The presented results demonstrate that deep learning-based approaches outperform traditional mathematical and statistical models, as well as machine learning methods, in predicting ground settlement. This improved accuracy is attributed to their ability to effectively leverage the nonlinear features present in time-series data. However, these models possess higher model complexity and require longer optimization and adjustment times for model parameters [62,63]. Additionally, due to its high time cost for constructing the model at each point in time, the ARIMA model is not recommended for large-scale subsidence prediction [64]. Evaluation of RNN, LSTM, and AT-LSTM models revealed that LSTM outperforms RNN in predicting time-series data [65]. The attention-based AT-LSTM model further improves on LSTM by accounting for temporal dependence in the ground settlement time-series data, leading to a higher accuracy of predictions. Our findings highlight the significance of temporal dependence in the model’s prediction accuracy. Overall, the AT-LSTM model displays a superior performance and accuracy when compared to other evaluated algorithms.

4.4. Strengths and Limitations

The innovation of this paper is to propose and construct a ground subsidence prediction model AT-LSTM based on the attention mechanism and LSTM using the ground subsidence time-series data obtained from SBAS-InSAR processing. Using the Pingshuo mine as the study area for validation, the study shows that the model performed well in solving the large-scale ground subsidence prediction problem in mining areas, and the results have some reliability.

However, our study has certain limitations that need to be further discussed in the next study. From the spatial distribution of errors in the prediction results (Figure 17), it is evident that the model errors are spatially aggregated and have a certain relationship with the form of coal mining.

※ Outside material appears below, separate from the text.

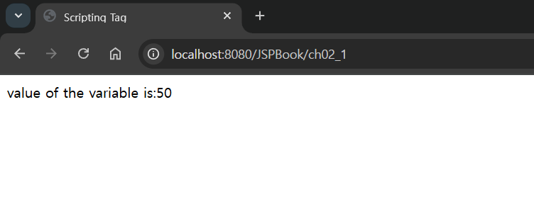 pageEncoding="UTF-8"%> <!DOCTYPE html> <html> <head> <meta charset="UTF-8"> <title>Scripting Tag</title> </head> <body> <%! int data = 50; //전역변수%> <% out.println("value of the variable is:" + data); //HTML에 출력(문자열) %> </body> </html> |

Subsequent studies need to consider the problem of spatial attribute, enhance the stability of the model in the mining area, and better provide services for the prediction of ground subsidence in the mining area.

5. Conclusions

In this study, the ground subsidence monitoring results for the period 2019–2022 in the Pingshuo mining area were obtained using the SBAS-InSAR technique with Sentinel-1A as the data source. Spatiotemporal processes were analyzed based on these results. Subsequently, a prediction method, named AT-LSTM, was proposed and constructed for the prediction of large-scale ground subsidence, based on the attention mechanism and LSTM. The research findings indicate that:

(1)

Ground subsidence is serious in the Pingshuo mine area, with a vertical subsidence rate of −205.89–59.70 mm/yr for 2019–2022. Subsidence is concentrated in the JG-1 mine and the three open-pit areas of ATB, AJL, and DLT. The subsidence in the subsidence basin of the JG-1 mine area has increased the fastest, with the cumulative subsidence having reached 139 mm in December 2019, and the extent of subsidence has grown along the direction of the working from east to west. The three open-pit areas have seen a slower increase in subsidence than the JG-1 mine, with a continuous development trend in the extent of subsidence, consistent with the direction of open-pit stripping.

(2)

The ground subsidence prediction results of the AT-LSTM model exhibit a spatial distribution that closely matches the actual situation, with prediction errors concentrated at ±2.0 mm. Compared with LSTM, the proposed model allows for better capturing of the time-varying characteristics of the data. Overall, the developed prediction method in this study demonstrates favorable performance and certain reliability for forecasting ground subsidence time-series data in mining areas.

(3)

This paper presents an approach using SBAS-InSAR results to predict ground subsidence in mining areas, which alleviates the difficulty of data acquisition. By comparison with typical time-series prediction methods, the proposed approach in this study exhibits certain validity and feasibility, and can provide services for environmental management in mining areas.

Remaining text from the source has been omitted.